The tediously slow Ubuntu on VB plus the sheer size of the disk image made me think that perhaps I could try running a Windows image of KiCad under Wine. I use Wineskin Winery to install Win apps on my MBA. The task in this case is to find a Win installer for KiCad. There's plenty of scripts to compile it but not many actual install .exe's. I could only find the one mentioned on KiCad's download page and it's nearly a year old which for a fast changing product like KiCad is really old. However it installed simply and it works (almost). The main problem once again is the trackpad on my MBA. I'm so used to using taps instead of clicks but this version of KiCad doesn't seem to handle the trackpad well. Sometimes I have to double tap, other times tapping won't work at all and then I have to click but sometimes I have to double-click all for the same task. Very confusing. Also when drawing the PCB I had to move components out of the way to get access to components underneath. Not sure if this is simply an old version problem or a trackpad issue. Other versions pop up a window asking me to choose which component or track I want to move/edit/etc. And sometimes this version does pop up the window. But not consistently. As for disk image size, the Wine version clocks in at 790MB. But the older version might not have used up as much space. Hard to tell.

But none works well

So I can't decide which version to go with. A recent Win installer would be worth a try if I can find one. Maybe running the Linux version under a smaller distribution would be worth a try. TinyCoreLinux in VirtualBox is currently using 2.4MB(!) on my MBA. (I've been using TCL as part of the boot2docker app.) However the nightly compiles of KiCad are done under Ubuntu so there is a lot of advantage in using the "standard" environment. Maybe I can get rid of Ubuntu's painful animations. It's the first thing I do on Mac OS X. Or maybe the Mac native app will get grid change working...

In summary, none of the Mac alternatives works well. If I were going to use KiCad seriously I think a separate machine running Ubuntu would be a good idea and a mouse with track wheel seems almost compulsory.

As for KiCad itself, I really like it. I found each of it's stages easy to follow and was (eventually) able to get to a set of Gerber files for Blinky ready for manufacture. Dave Jones of EEVblog's opinion notwithstanding, KiCad is a serious contender for Open Source hardware developers. I just wish I could get a usable version for Mac OS X.

Update

I tweaked Ubuntu using the tips here (especially the gnome-session-flashback tip) and now KiCad screams along! (Cannot understand how or why anyone would release such a crippled desktop version.) Really smooth use of all sections. Even the trackpad scrolling is usable now (barely) but I still prefer F1 and F2 keys. I'm looking forward to some productive KiCad use on my MBA now.


5 comments:

Neil Baldwin said...

I feel your pain. I've just dropped about 2 days worth of work trying to get Kicad to work on Mavericks. Found exactly the same problem as you regarding the new-format footprint libs. Figured out that you can add them one by one but you have to explicitly type the path to each one in the Library Table. I didn't bother.

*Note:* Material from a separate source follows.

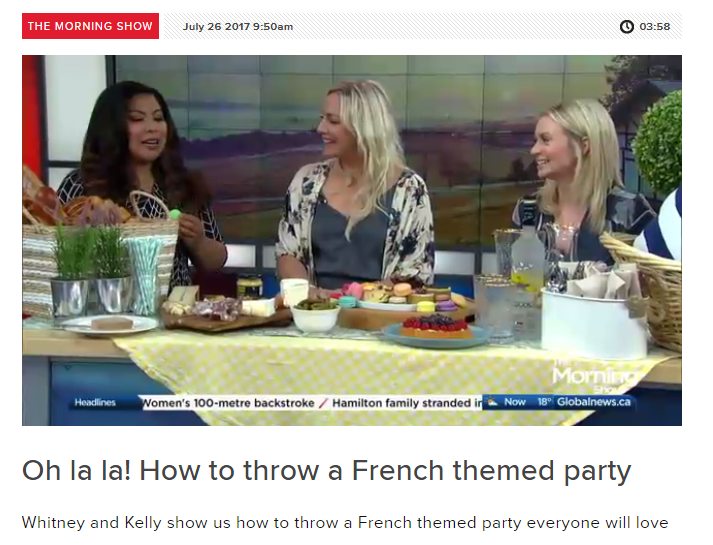 Still reminiscing our trip abroad, Whitney and I threw a summer bash at Soho House to celebrate Bastille Day. It was such a hit, that we wanted to share our tips and tricks on Global TV’s The Morning Show! Today Whitney and I gave some insight into how to throw an unforgettable French countryside-themed bash by serving savory foods, creating a thematic ambiance, sipping refreshing floral cocktails and nibbling on famous French sweets. Check out our segment here and let us know what else you would do to make your own French soirée a hit!

I'm glad that you discovered that there are limitations to the OSX version even when you've got it working. I think I may abandon that route and give the Ubuntu route a try. At least the time taken to download an Unbuntu distro with mean I can get on with some real work for a while!

Thanks for the info.

Jaac van der Linden said...

I just got Kicad running natavly on my MBP. Looks ok, until you start scrolling. Way to fast as you describe in you story. I will keep doing my Kicad designing on my Windows machine.